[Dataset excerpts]
--- START ---

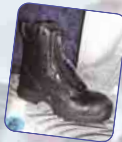
Neu! Airpower X1 von Haix
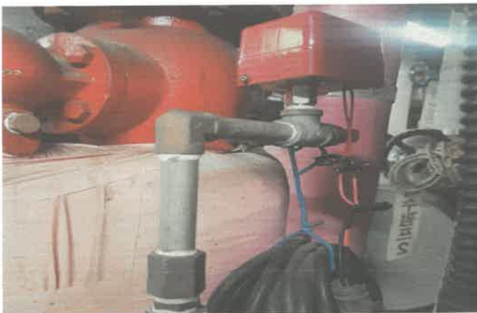
지하2층 기계실 알람벨브 압력스위치 불량. 청소 및 복구
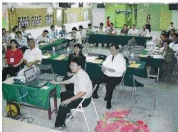
◆本會隨行同仁於忠義國小聽取簡報
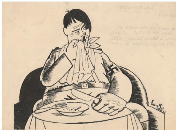
Autor: Štefan Bednár. S jedlom rastie chuť, 1935.

3. Uved' kontext tejto karikatúry s názvom „S jedlom rastie chuť“, ktorá vznikla v roku 1935 a jej autorom je Štefan Bednár. Ako sa táto karikatúra dotýkala Československa?
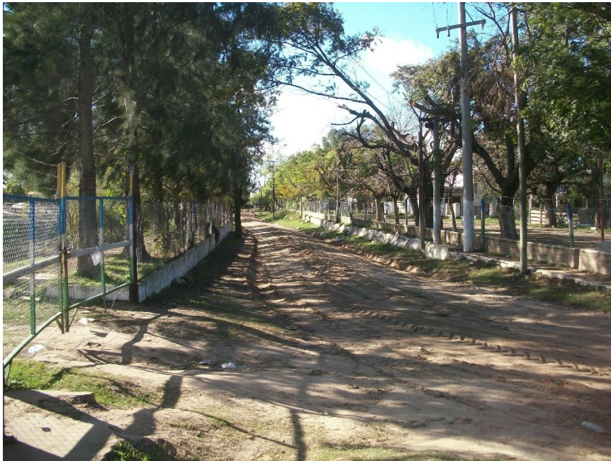
Figura 3. Foto del camino de LVDP cuando no hay inundación.

Fuente: Archivo de Facebook de Proyecto Revuelta. Publicado en Martínez (2023)
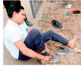
परीक्षा से पहले नूता निकलते अभ्यर्थी।

परीक्षा के दौरान वाशरूम का उपयोग करने वाले परीक्षार्थियों का विवरण व्यापम द्वारा निर्धारित प्रपत्र में किया गया। इसके अलावा प्रत्येक केन्द्र में जैमर की व्यवस्था होने के कारण मोबाइल का सम्पर्क टूटा रहा। परीक्षा के दौरान उपयोग में लाई जाने वाली ओ.एम.आर.उत्तर शीट में परीक्षार्थियों को यह आकड़ों में प्रविष्ट करना पड़ा कि उन्होंने कितने प्रश्न हल नहीं किए हैं।
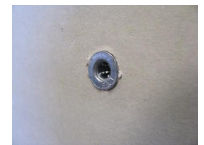
cheville Plak métal - vue en situation
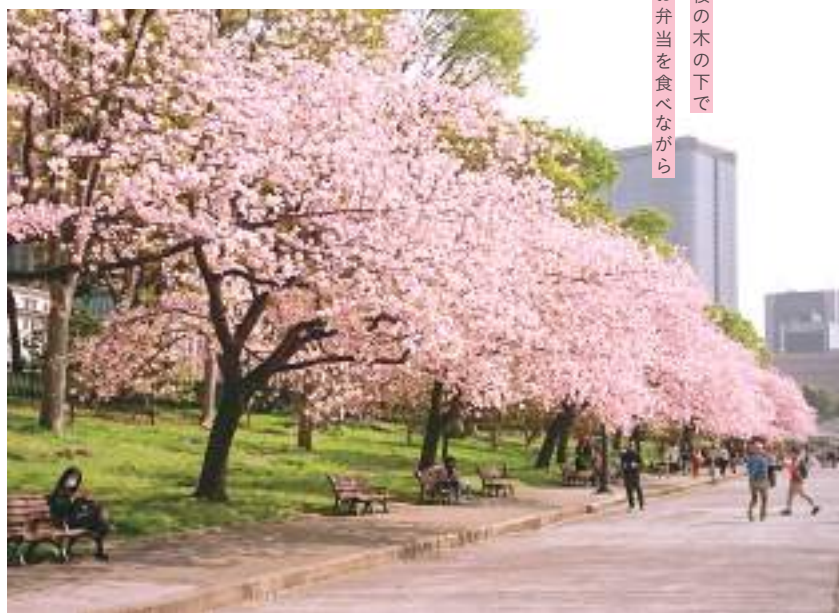
桜の木の下で お弁当を食べながら
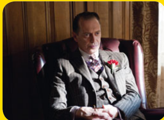
Boardwalk Empire © 2012 Home Box Office, Inc. All rights reserved. HBO® and all related programs are the property of Home Box Office, Inc.
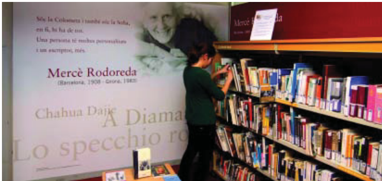
Espai de la col·lecció local de la Biblioteca Guinardó-Mercè Rodoreda.
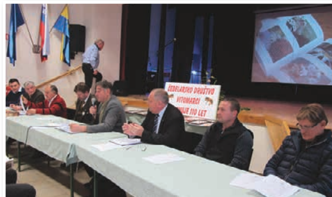
Udeleženci okrogle mize so spregovorili o bogati čebelarji tradiciji v osrednjih Slovenskih goricah.
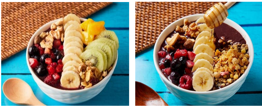
写真左から：超豪華！！フルーツ全種盛りの贅沢アサイーボウル、王道人気！ハニーアサイーボウル
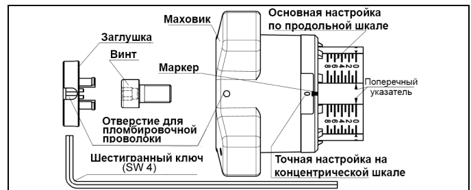
Рис. 7.1 Настройка

Для этого закрыть вентиль, чтобы обе шкалы были выставлены на 0. Затем вынуть заглушку, вывинтить винт и легким движением снять маховик со шпинделя вентиля. Не меняя настройки (выставлен '0') повернуть маховик так, чтобы окошко концентрической шкалы было хорошо видно. Затем снова надеть маховик на шпиндель вентиля и зафиксировать. Вставить заглушку.
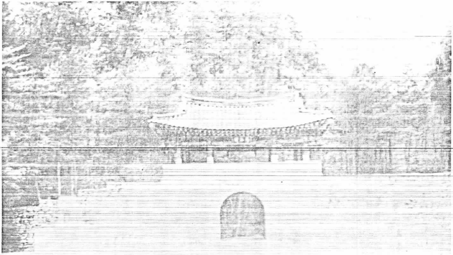
主屹關에서 3 km 쪽에 位置하였 며 3關門中 樹 風致 등 是邊景 이 가장 秀麗한 慶 第2關門(鳥 關)
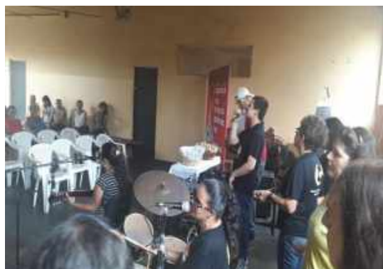
- Apresentação da Bandavin CDI .
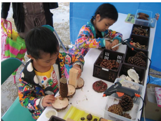
丸太と木の實を組み合わせます
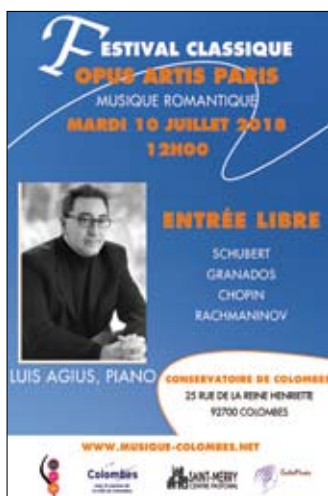
Cartel del recital de Luis Agius en el Festival de Colombes (París, 2018).
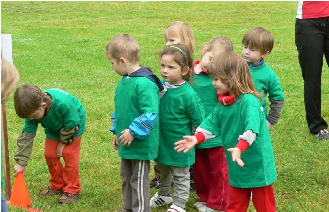
Obrázek 6: Spolupráce a komunikace mladších dětí před soutěžní disciplínou pětiskok
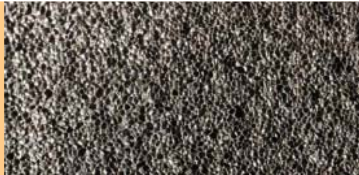
Schaumglas - Detail
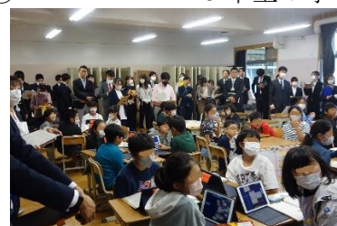
たくさんの参観者

※個人情報保護の観点から、写真の一部を加工させていただいております。ご了承ください。
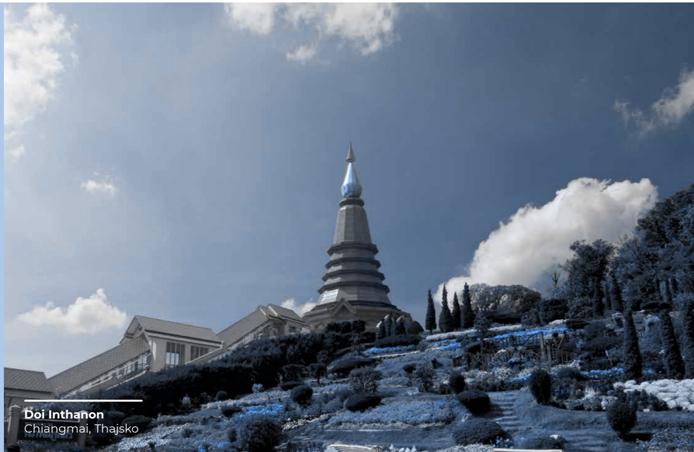
Doi Inthanon Chiangmai, Thajsko

Cieľom Skupiny je prispievať k rastu komunit, v ktorých pôsobí, a to najmä maximálnou možnou podporou
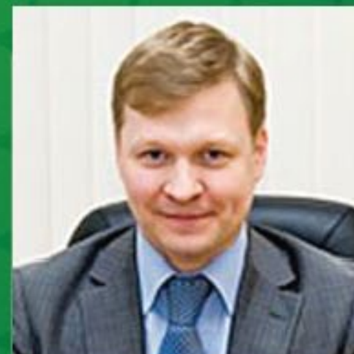
А.Ю. Иванов заместитель министра финансов РФ
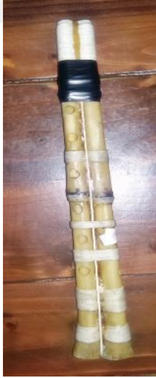
Resim 31: Kartal kanadından yapılan Zambır
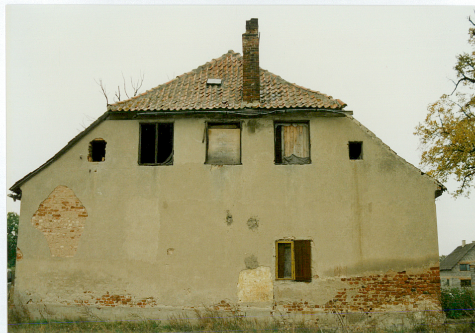
4. Elewacja południowa dworu
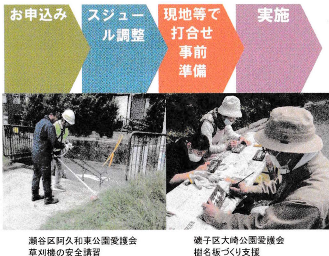
瀬谷区阿久和東公園愛護会 草刈機の安全講習

※現地の状況判断して、希望通りに実施できないことがありますので、ご了承ください。
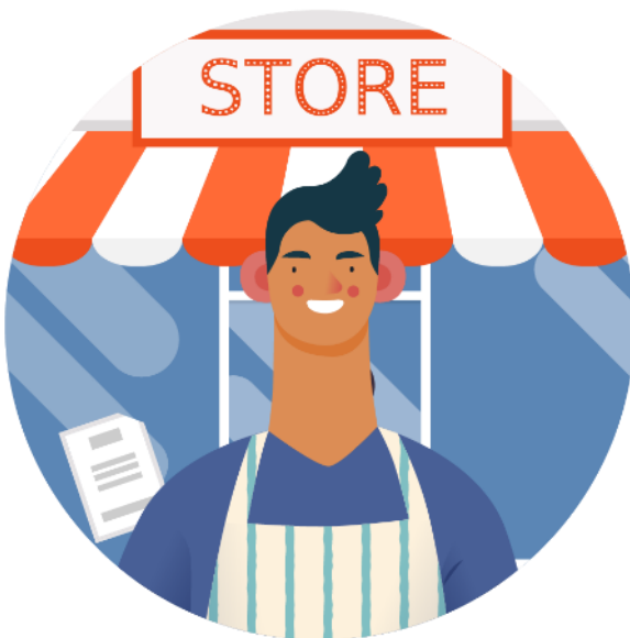
縣市政府所轄市場
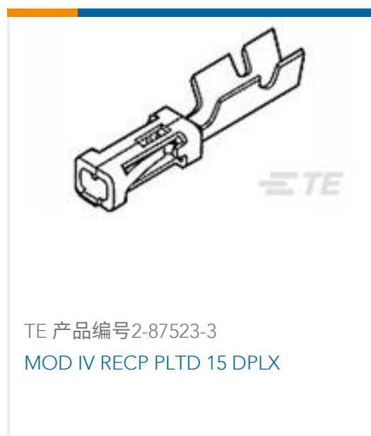
TE 产品编号2-87523-3 MOD IV RECP PLTD 15 DPLX
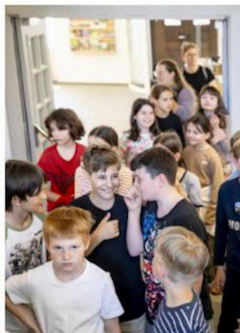
Die Spannung steigt: Wie geht man mit den Exponaten in der Ausstellung um?
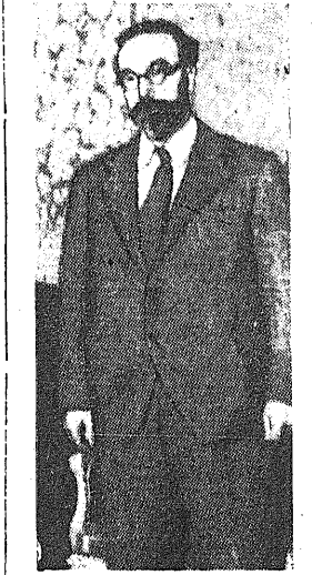
Don Fernando de los Rios, ilustre promotor y uno de los más ardientes defensores de la democracia española, que acaba de fallecer en Nueva York.

El franquismo está en capilla. Su agonia puede prolongarse, en detrimento mayor de la economía española; pero no tiene solución.
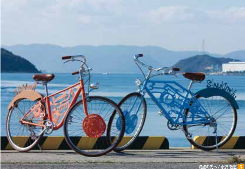
終点の先へ / 小沢 敦志 5 6 JR宇野みなと線アートプロジェクト(宇野駅) / エステル・ストッカー
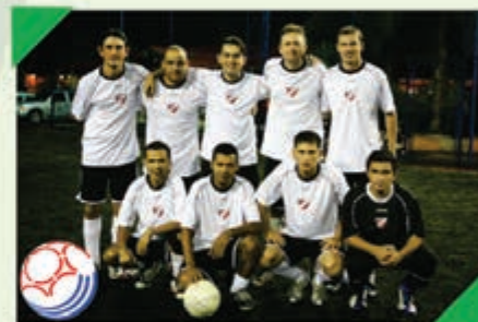
3º Lugar Equipe: ANGELONI
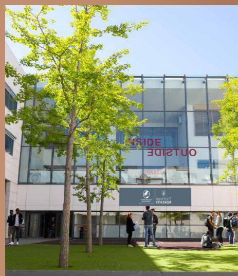
Campus Saint Jean d'Angély

La Promenade des Anglais offre une balade avec la mer à perte de vue tandis que le Vieux Nice dévoile son histoire, sa gastronomie et sa culture. La ville dispose de nombreux moyens de mobilité, que ce soit pour le travail, la détente ou le shopping et offre un patrimoine de qualité pour vivre ou pour investir.
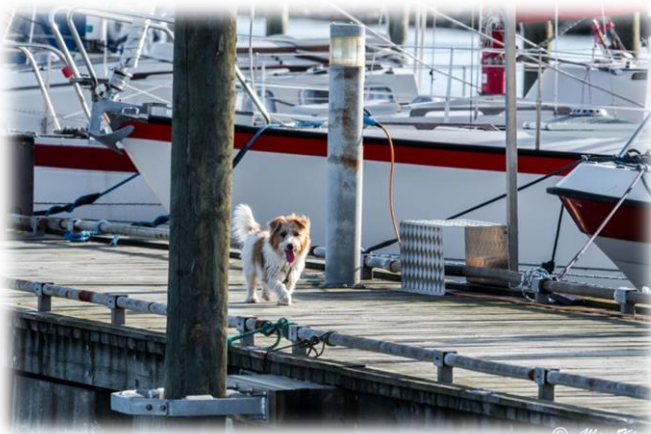
OK – jeg kommer
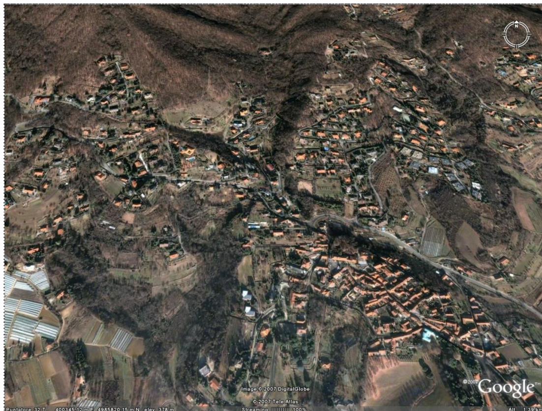
Figura 6. Dispersione residenziale sulla collina di Moncalieri presso Revigliasco (Torino).

Abitare in cima ad una collina, o sul versante esposto a mezzogiorno offre poi un clima tra i più favorevoli. La loro amenità ambientale assommata alla loro ipersensibilità paesaggistica ne fa uno dei paesaggi più gravemente minacciati di estinzione (figura. 6).
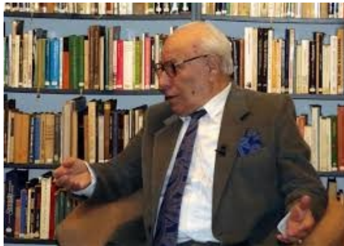
A Csuka Zoltán könyvtárban

- Sose kíméltem magam, próbáltam úgy élni, mint egy civil ember. Részt kellett vállalnom a házi teendőkből, család apa-anya voltam egy személyben, feleségem sokat betegeskedett. Mostam, vasaltam, reggel ébresztettem a fiamat, reggelit készítettem, indultam bevásárolni. Nehéz színházi feladatomra így töltöttem fel. Persze előadás előtt nem fárasztottam ki magam.
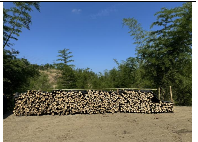
115 屏竹 4 號荊竹現況
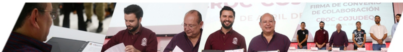
FIRMA DE CONVENIO CON LA COJUDEQ

--- END ---

• [TASK DIRECTIONS] Set down word for word the lines from the first entry through the line with "Figura 3. Foto", both included, omitting pictures.

• [YOUR SOLUTION]
Neu! Airpower X1 von Haix
지하2층 기계실 알람벨브 압력스위치 불량. 청소 및 복구
◆本會隨行同仁於忠義國小聽取簡報
Autor: Štefan Bednár. S jedlom rastie chuť, 1935.

3. Uved' kontext tejto karikatúry s názvom „S jedlom rastie chuť“, ktorá vznikla v roku 1935 a jej autorom je Štefan Bednár. Ako sa táto karikatúra dotýkala Československa?
Figura 3. Foto del camino de LVDP cuando no hay inundación.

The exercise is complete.